ABOUT THIS TASK: All lines from the first one in the listing below to the one holding "2、取消勾选对应单据的设置权限", inclusive, are to be copied exactly.

DATA RECORDS:
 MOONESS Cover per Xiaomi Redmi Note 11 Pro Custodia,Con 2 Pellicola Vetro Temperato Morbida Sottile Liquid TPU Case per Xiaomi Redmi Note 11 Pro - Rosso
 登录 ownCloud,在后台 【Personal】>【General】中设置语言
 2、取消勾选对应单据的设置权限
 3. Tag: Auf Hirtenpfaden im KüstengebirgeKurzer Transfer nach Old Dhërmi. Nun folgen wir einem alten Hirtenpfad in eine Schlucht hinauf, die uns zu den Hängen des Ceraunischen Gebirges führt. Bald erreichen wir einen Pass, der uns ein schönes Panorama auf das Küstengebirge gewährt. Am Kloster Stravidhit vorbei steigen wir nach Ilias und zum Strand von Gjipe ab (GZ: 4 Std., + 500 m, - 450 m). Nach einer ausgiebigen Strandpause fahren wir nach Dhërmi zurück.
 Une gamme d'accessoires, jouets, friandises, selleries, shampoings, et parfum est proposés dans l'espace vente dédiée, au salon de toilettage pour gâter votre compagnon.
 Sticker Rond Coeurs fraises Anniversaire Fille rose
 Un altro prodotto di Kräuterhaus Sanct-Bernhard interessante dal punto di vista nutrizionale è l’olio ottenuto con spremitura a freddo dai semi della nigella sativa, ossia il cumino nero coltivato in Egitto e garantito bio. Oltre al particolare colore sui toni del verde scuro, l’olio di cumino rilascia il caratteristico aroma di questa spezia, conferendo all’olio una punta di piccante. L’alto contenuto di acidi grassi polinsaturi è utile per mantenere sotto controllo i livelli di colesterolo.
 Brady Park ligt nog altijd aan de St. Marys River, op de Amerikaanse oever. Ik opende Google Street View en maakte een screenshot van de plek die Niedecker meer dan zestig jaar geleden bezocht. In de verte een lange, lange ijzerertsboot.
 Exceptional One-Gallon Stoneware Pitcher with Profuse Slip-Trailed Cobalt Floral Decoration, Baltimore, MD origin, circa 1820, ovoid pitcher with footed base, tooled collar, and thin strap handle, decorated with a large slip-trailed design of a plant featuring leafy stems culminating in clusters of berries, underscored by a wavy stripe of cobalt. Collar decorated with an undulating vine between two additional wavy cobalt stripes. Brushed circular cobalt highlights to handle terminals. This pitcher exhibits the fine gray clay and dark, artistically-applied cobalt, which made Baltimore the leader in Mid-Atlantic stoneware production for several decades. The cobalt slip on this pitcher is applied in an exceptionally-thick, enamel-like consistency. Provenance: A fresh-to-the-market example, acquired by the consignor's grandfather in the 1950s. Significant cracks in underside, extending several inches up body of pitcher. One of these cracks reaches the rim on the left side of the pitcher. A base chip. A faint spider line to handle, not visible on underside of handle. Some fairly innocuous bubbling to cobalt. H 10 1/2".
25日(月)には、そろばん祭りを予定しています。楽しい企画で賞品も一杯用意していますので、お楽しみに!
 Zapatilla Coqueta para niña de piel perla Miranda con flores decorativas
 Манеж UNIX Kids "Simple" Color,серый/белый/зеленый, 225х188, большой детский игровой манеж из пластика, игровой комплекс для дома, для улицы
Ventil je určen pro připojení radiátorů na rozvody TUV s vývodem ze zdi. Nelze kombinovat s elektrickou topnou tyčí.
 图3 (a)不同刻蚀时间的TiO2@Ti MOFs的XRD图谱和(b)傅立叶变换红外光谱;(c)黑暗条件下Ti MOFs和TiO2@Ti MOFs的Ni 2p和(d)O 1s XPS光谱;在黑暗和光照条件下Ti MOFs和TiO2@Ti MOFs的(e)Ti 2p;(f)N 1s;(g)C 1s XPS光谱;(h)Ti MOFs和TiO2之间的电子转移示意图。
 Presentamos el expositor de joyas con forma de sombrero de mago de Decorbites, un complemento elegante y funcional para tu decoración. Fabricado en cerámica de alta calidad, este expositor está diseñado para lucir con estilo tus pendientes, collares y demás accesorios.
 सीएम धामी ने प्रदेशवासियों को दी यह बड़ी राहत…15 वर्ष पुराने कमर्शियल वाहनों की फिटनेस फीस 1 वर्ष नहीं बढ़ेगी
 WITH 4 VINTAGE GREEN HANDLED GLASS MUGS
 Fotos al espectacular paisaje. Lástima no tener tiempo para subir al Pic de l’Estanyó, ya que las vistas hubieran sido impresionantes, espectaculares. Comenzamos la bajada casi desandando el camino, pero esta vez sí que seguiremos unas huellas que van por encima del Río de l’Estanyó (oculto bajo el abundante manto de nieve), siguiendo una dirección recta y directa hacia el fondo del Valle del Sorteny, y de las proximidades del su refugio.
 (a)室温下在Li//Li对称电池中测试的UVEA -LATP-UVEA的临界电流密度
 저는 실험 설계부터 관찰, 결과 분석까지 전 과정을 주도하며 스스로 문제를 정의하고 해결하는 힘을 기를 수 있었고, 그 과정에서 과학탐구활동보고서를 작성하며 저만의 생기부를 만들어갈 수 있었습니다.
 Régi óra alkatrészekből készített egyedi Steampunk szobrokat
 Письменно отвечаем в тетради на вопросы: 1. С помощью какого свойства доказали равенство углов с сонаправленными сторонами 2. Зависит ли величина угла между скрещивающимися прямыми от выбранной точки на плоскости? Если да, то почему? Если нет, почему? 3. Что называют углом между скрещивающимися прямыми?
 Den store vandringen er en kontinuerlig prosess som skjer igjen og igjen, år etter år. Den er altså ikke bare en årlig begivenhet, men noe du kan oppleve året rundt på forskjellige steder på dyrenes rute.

TASK RESPONSE:
 MOONESS Cover per Xiaomi Redmi Note 11 Pro Custodia,Con 2 Pellicola Vetro Temperato Morbida Sottile Liquid TPU Case per Xiaomi Redmi Note 11 Pro - Rosso
 登录 ownCloud,在后台 【Personal】>【General】中设置语言
 2、取消勾选对应单据的设置权限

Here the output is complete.